WHAT YOU NEED TO DO -> Pictures excluded, retype the lines from the one containing "Дополнительно сделано: ливневая" through the last line of the data below, both included.

MATERIALS PROVIDED ->
########

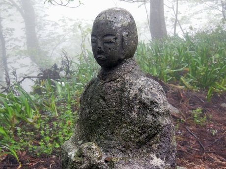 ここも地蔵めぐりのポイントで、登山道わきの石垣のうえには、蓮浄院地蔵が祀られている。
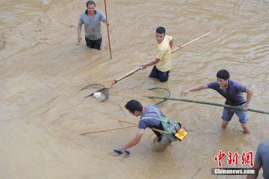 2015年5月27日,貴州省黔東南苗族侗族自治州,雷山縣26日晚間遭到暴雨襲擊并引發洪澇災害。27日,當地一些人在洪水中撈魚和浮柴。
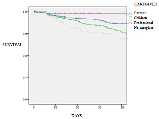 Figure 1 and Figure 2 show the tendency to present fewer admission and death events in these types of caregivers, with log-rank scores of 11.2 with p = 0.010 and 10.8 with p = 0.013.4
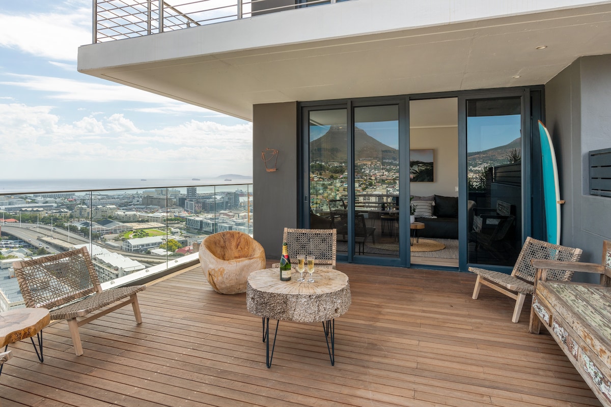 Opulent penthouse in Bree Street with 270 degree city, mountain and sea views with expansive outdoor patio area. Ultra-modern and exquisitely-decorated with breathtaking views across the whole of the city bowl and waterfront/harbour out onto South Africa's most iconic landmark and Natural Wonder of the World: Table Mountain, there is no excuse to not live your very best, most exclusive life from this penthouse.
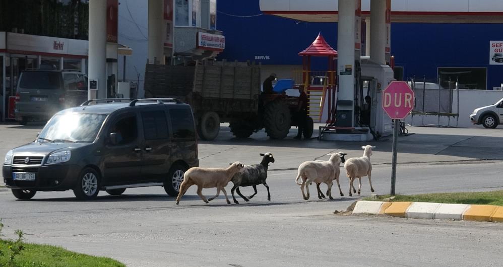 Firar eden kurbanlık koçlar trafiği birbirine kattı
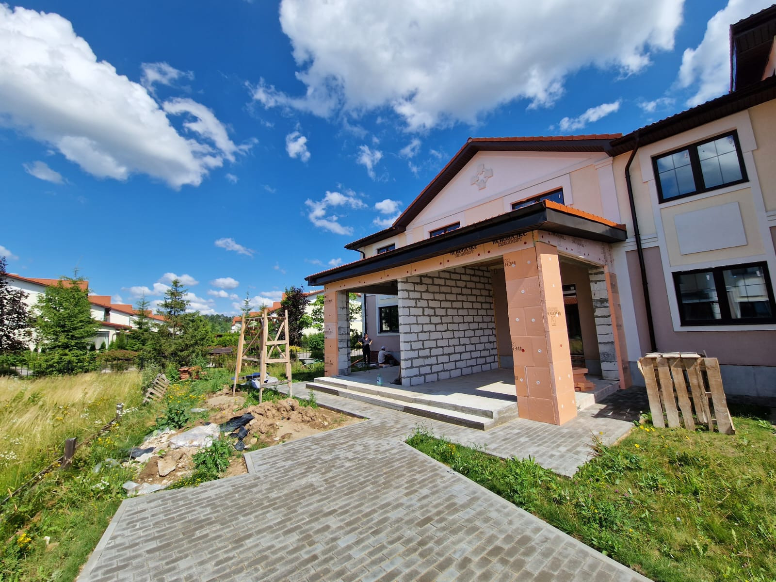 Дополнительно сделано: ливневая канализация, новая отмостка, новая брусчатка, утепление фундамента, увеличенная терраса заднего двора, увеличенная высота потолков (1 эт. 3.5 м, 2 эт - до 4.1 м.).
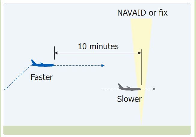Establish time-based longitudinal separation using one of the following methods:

########

ANSWER FOR THIS EXERCISE ->
 Дополнительно сделано: ливневая канализация, новая отмостка, новая брусчатка, утепление фундамента, увеличенная терраса заднего двора, увеличенная высота потолков (1 эт. 3.5 м, 2 эт - до 4.1 м.).
Establish time-based longitudinal separation using one of the following methods:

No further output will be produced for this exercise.